I don't mind dropping money where it is well spent, in some things you get what you pay for, but some times, you just waste money if you don't look at things carefully...

Thanks in advance,

cayenne


----------



## neuroanatomist (Nov 28, 2012)

I'd get a B+W XS-Pro (MRC or Nano, UV or clear, whichever is cheapest). In the Hoya line, I'd pick S-HMC at a minimum, or the Pro1 or HD filters, but not regular HMC.

The HD line is reportedly easier to clean (like the B+W MRC and Nano coats), whereas the other Hoya filters can be more problematic for cleaning.


----------



## cayenne (Nov 28, 2012)

neuroanatomist said:


> I'd get a B+W XS-Pro (MRC or Nano, UV or clear, whichever is cheapest). In the Hoya line, I'd pick S-HMC at a minimum, or the Pro1 or HD filters, but not regular HMC.
> 
> The HD line is reportedly easier to clean (like the B+W MRC and Nano coats), whereas the other Hoya filters can be more problematic for cleaning.


How about this B&W?

http://www.amazon.com/gp/product/B0000BZLBQ/ref=cm_cr_asin_lnk


----------



## infared (Nov 28, 2012)

I agree with Neuro regarding the B&W (not familiar with the Hoya)... In the B&W, go with the clear, MRC, F-Pro with the brass ring and nano coating...they are the best...You do not need the UV protection on a digital camera ...that is a factor with film...took me a while to break that habit.. Get the best B&W...that lens is a beauty and totally deserves it. That is what I have on mine..and everytime I take shot and look at them on-screen..I am AMAZED at the sharpness. The filter is not impeding the lens... Just an amazing lens.
I just ordered the new 24-70mm f/2.8L II today from B&H...already have my 82mm (ouch$) MRC F-Pro sitting here on my desk waiting for the lens. Hope I get a good copy. Roger at Lens Rental was blown away by the performance so I hope that I am, too!!!!
Enjoy.

Here is the 82mm version at B&H
http://www.bhphotovideo.com/c/product/756819-REG/B_W_66_1066112_82mm_XS_Pro_NANO_Clear.html


----------



## neuroanatomist (Nov 28, 2012)

cayenne said:


> How about this B&W?
> 
> http://www.amazon.com/gp/product/B0000BZLBQ/ref=cm_cr_asin_lnk



Nope, this one. The one you linked is the F-Pro mount, and you want the XS-Pro mount. The F-Pro causes a slight increase in optical vignetting on the 70-200/2.8L IS II (unusual for a standard filter to vignette on a telephoto lens, but it does on this one - I've checked it myself). 



infared said:


> I agree with Neuro...go with the clear, MRC, brass ring...they are the best...You do not need the UV protection on a digital camera ...that is a factor with film...took me a while to break that habit.

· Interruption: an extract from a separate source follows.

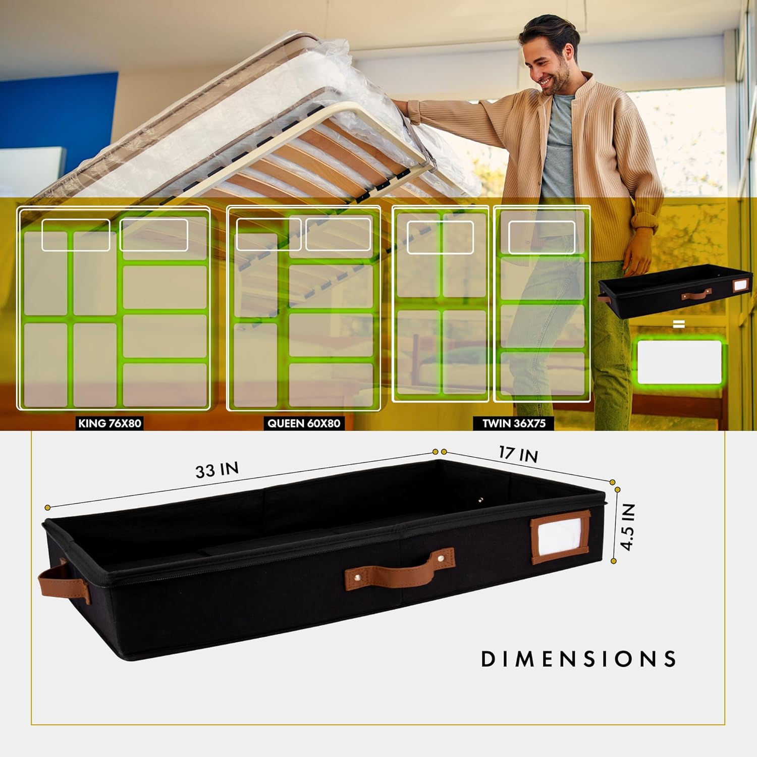 - šš©ššš šššÆšš« šš«š šš§š¢š³šš«: Prioritizing superior under bed storage for clothes not only helps you declutter, but also utilize hidden spaces like under the bed and under the couch. Our stylish storage for under beds is also ideal as a shoe storage organizer, low profile under crib storage, blanket storage, under bed ornament storage box, low profile storage box, and storage for other items such as yarns, sweaters, holiday decorations, prized collections, & more!

You don't need UV for digital, true. But it doesn't hurt, either. Depending on filter diameter, vendor, and geography, sometimes the UV version (010) is cheaper, sometimes the Clear (007) is cheaper. On amazon.com, the 77mm XS-Pro UV is $80, and the 77mm XS-Pro Clear is $115. Since there's no optical difference for a dSLR, I recommend getting whichever one is cheaper.


----------



## infared (Nov 28, 2012)

neuroanatomist said:


> cayenne said:
> 
> 
> > How about this B&W?
> ...



WOW Neuro..I have not noticed any vignetting with my 77mm F-Pro..but I will take you word for it and give a closer look the next time I shoot....is the vignetting more at a certain focal length of the lens?
I just checked some images I shot two weeks ago at 175mm and 200mm with a 1.4xIII on the lens and could see no signs of vignetting.


----------



## neuroanatomist (Nov 28, 2012)

infared said:


> WOW Neuro..I have not noticed any vignetting with my 77mm F-Pro..but I will take you word for it and give a closer look the next time I shoot....is the vignetting more at a certain focal length of the lens?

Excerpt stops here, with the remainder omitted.